Drawing on distinctions between behavioral initiation and maintenance [18, 36], we aim to establish the relation of these behavioral patterns to weight change over time. Furthermore, we plan to examine factor change over time and the relation of factor change to weight maintenance. For example, TV related eating and viewing was related to BMI, but was unrelated to the current weight loss episode. Over time will this group of behaviors predict weight gain? Furthermore, will these factors have an overall effect on weight gain? Research using large cohorts suggests that various lifestyle behaviors (e.g., specific dietary components, physical activity, and sleep) have a substantial aggregate effect on weight gain over time [37]. It is important to note that research examining aggregate effects of behavior on weight over time [37] or the differential effects of particular behaviors with weight loss and weight maintenance [18] have not examined the effects of behavioral factors (derived via factor analysis) on weight over time.

Conclusions

In a study of people who lost substantial weight of their own initiative (at least 10 percent in the past year), we were able to identify four lifestyle and weight control behavioral factors related to obesity—regularity of meals, weight control strategies, TV related eating and viewing, and eating away from home. Compared to the individual behavior variables, these factors appeared to be more reliably related to BMI, recent weight loss, diet, and physical activity.
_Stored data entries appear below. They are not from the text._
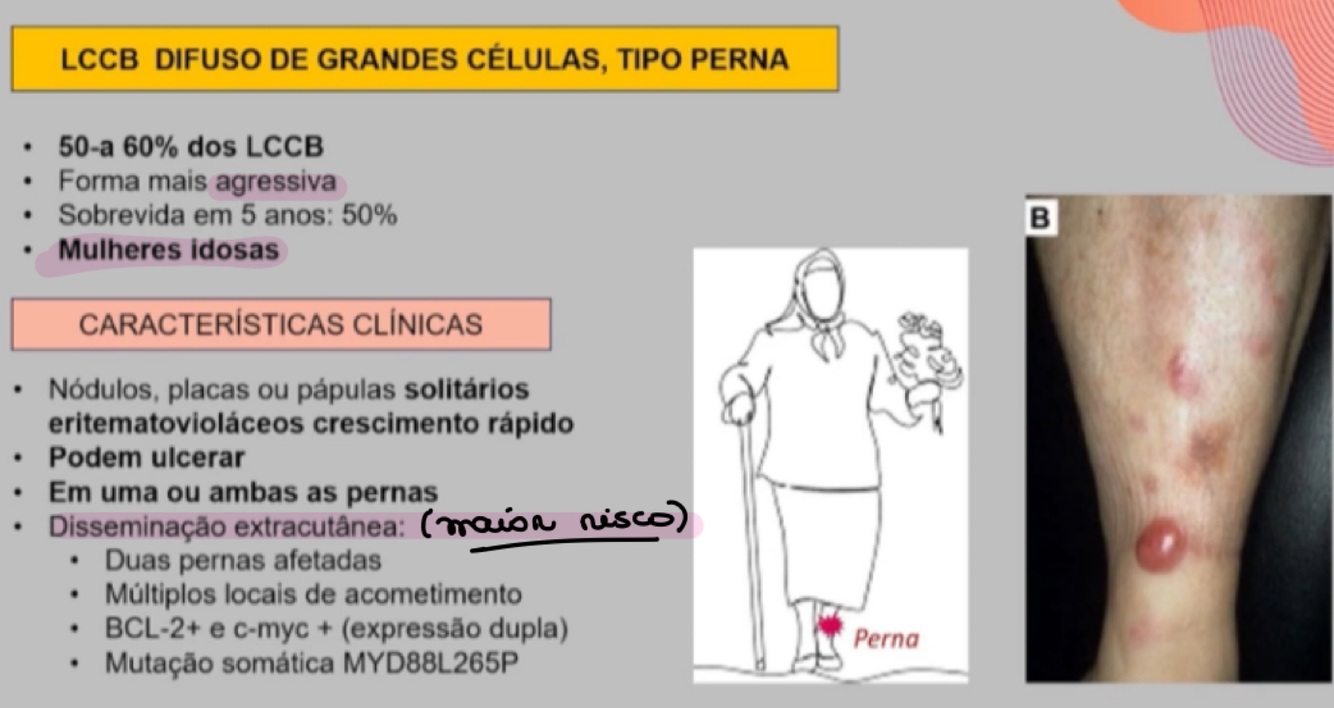 Quais marcadores são encontrados no LCCB difuso de grandes células tipo perna?
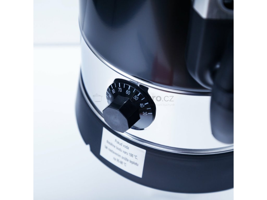 Automatické varné a udržovací termosy na přípravu a udržení horké vody a teplých nápojů. Elegantní celonerezové, dvouplášové, izolované provedení (minimální teplotní ztráty = ekonomický provoz), tělesa jsou skryta pod nerezovým dnem (snadné čistění a údržba). Automatický systém výroby horké vody, nebo udržení připravených nápojů na požadované teplotě. Výdej nápoje automatickým výpustným kohoutem a množství nápoje v termosu je přehledně indikováno na rysce hladinoměru. Snadné nastavení varné, udržovací, nebo výdejní teploty mechanickým termostatem (rozsah termostatu 30-100°C), vybaven centrálním vypínačem, kontrolkou chodu a nahřátí. Nerezové bezpečnostní víko s ergonomickým bezpečným plastovým madlem.
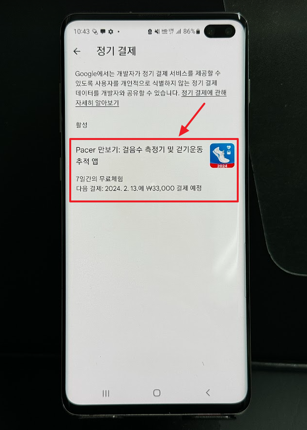 정기결제 내역에 아무것도 없으면 현재 '정기결제'중인 앱이 없는 것입니다. 하지만 아래처럼 내역이 나오면 정기결제 중인 앱이 있는것인데요. 저는 Pacer 만보기가 현재 정기결제 되어있는 상태입니다. 해당 앱을 누릅니다.
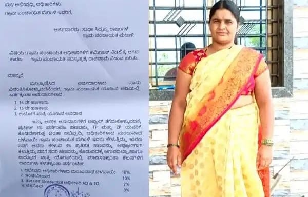 ಗ್ರಾಮದ ಅಭಿವೃದ್ಧಿ ಕೆಲಸಗಳಿಗಾಗಿ ಕಾಮಗಾರಿ ಅನುಮೋದನೆಗೆ ಪಂಚಾಯಿತಿ ಅಧಿಕಾರಿಗಳಿಂದ ಶೇ. 30 ಕಮಿಷನ್ ಬೇಡಿಕೆ ಇದೆ. ಆದರೆ, ಕಮಿಷನ್ ನೀಡಲು ನನ್ನ ಕೈಯಿಂದ ಸಾಧ್ಯವಾಗದೇ ರಾಜೀನಾಮೆ ನೀಡುತ್ತಿದ್ದೇನೆ ಎಂದು ಸುಧಾ ಅವರು ಪತ್ರದಲ್ಲಿ ತಿಳಿಸಿದ್ದಾರೆ.
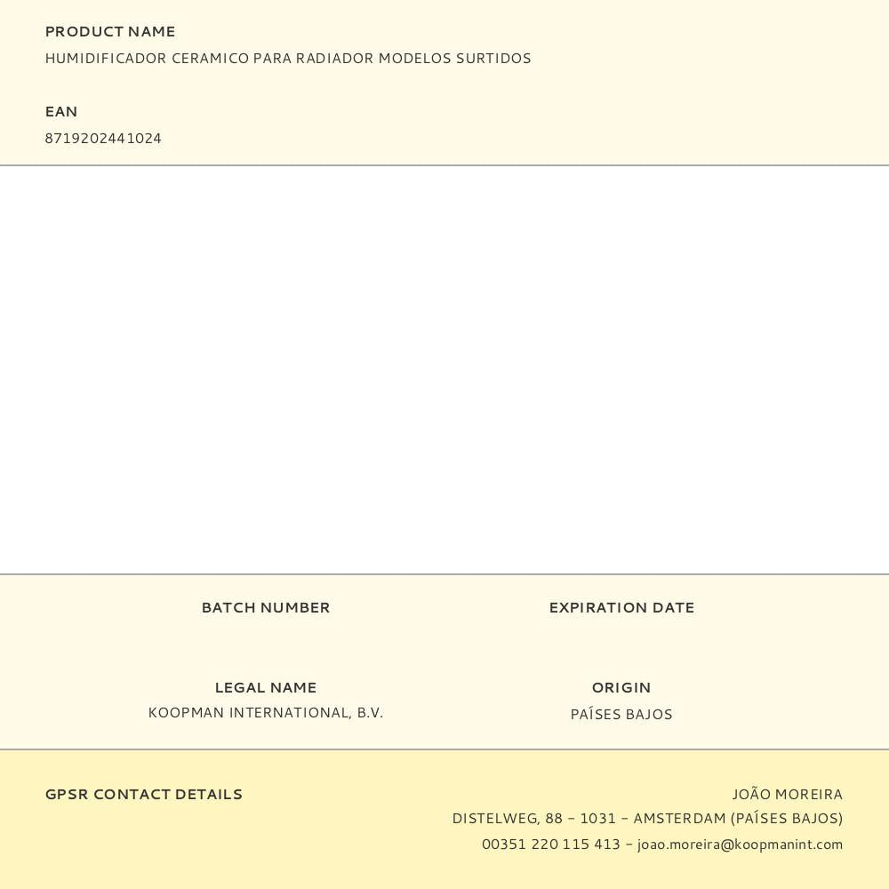 Humidificador cerâmico para radiador 8,5 x 3,5 x 20 cm. modelos sortidos
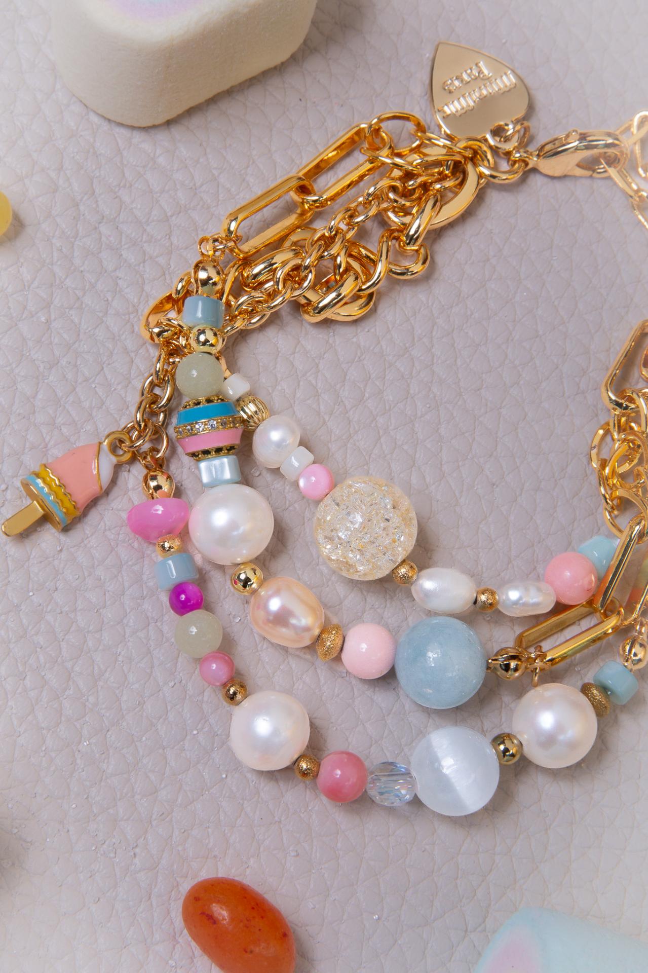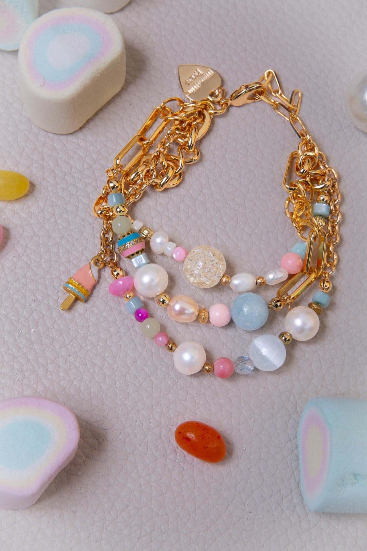 Soft, colorful, and full of joy, the Sweet Scoop Bracelet is a pastel daydream crafted in 18K gold-plated stainless steel. Designed with real gemstone beads, glass accents, freshwater pearls, and a playful enamel ice-cream charm, it brings sweetness and summer energy to any look.
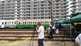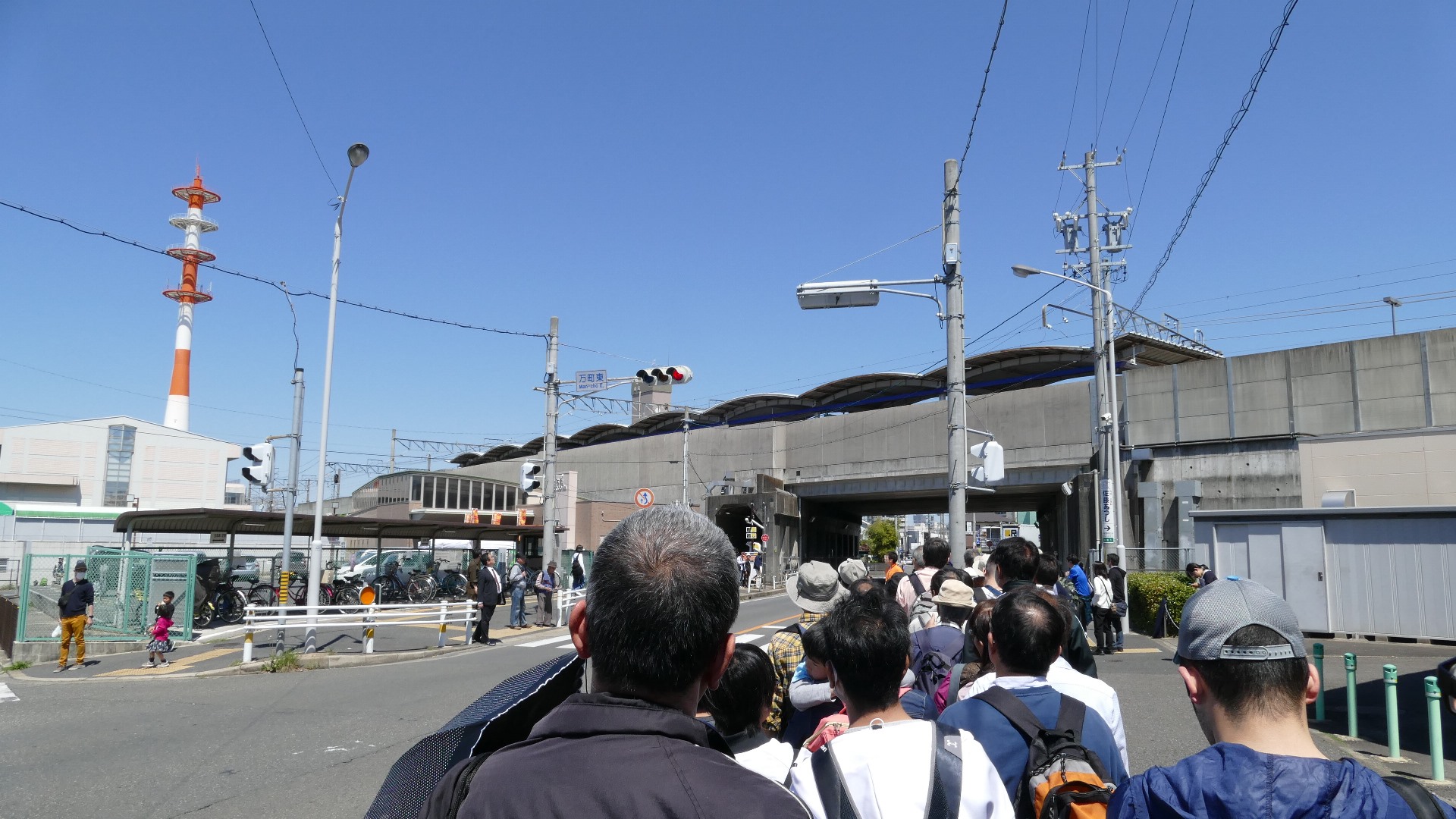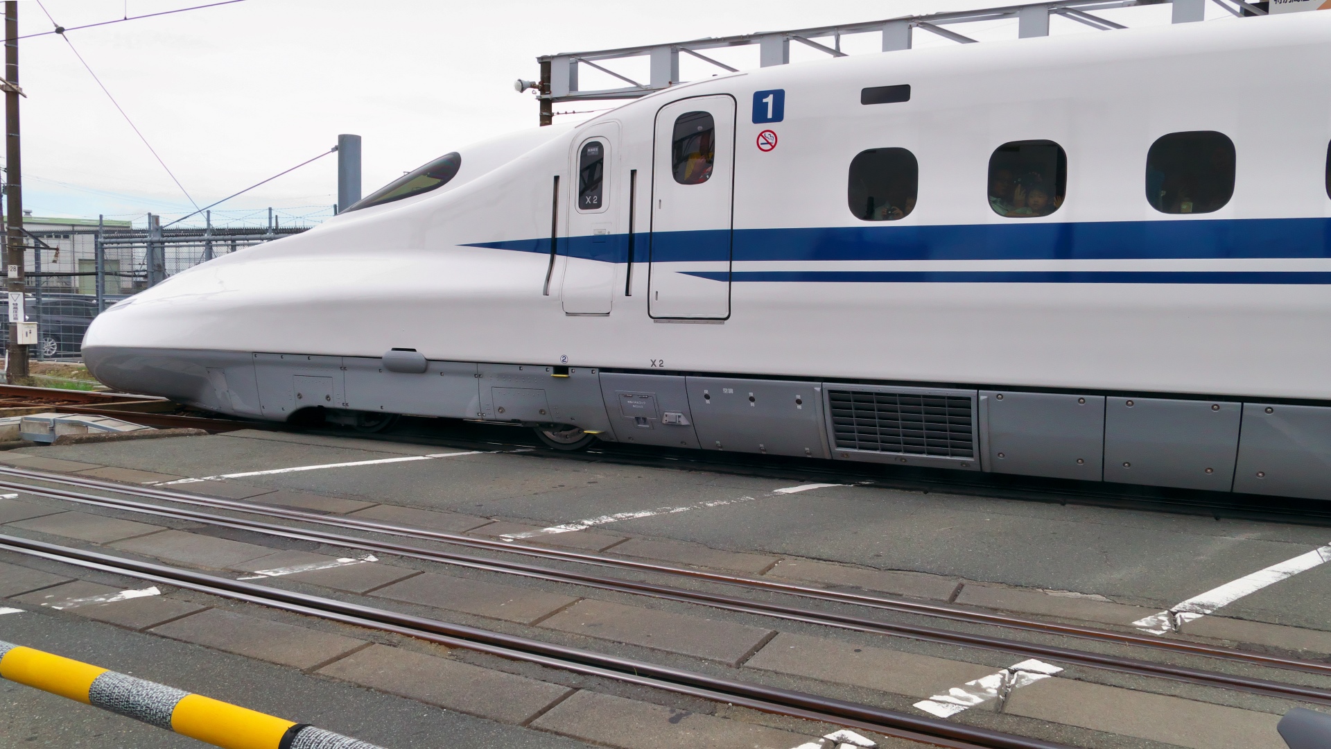 | 今年も「なるほどツアー」団体列車が踏切通過。 新大阪657-京都712-名古屋748(のぞみ294スジ)。受付は東側入口からの新工場前 |
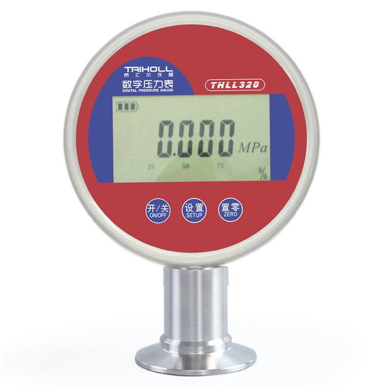 THLL320KF衛生型數字壓力表是采用了先進微功耗器件以及完善的軟件技術,內置的鋰電池可連續工作2年;大屏幕液晶顯示窗 ;五位顯示,十分醒目,非常適合于現場及實驗室使用 。

In general, eating away from home and TV related eating and viewing were more related to negative outcomes (BMI, fat and sugar intake), whereas eating regular meals and using weight control strategies were more related to positive outcomes (current weight loss, eating fruits and vegetables). Greater use of weight control strategies was most consistently related to better weight, diet, and physical activity outcomes. These findings add to the growing body of literature identifying behavioral patterns related to obesity risk and the overall strategy of eating less and exercising more [18, 37]. In future research it will be important to replicate these behavioral factors (over time and in other samples) and to examine how changes in these factors relate to weight loss and weight maintenance over time.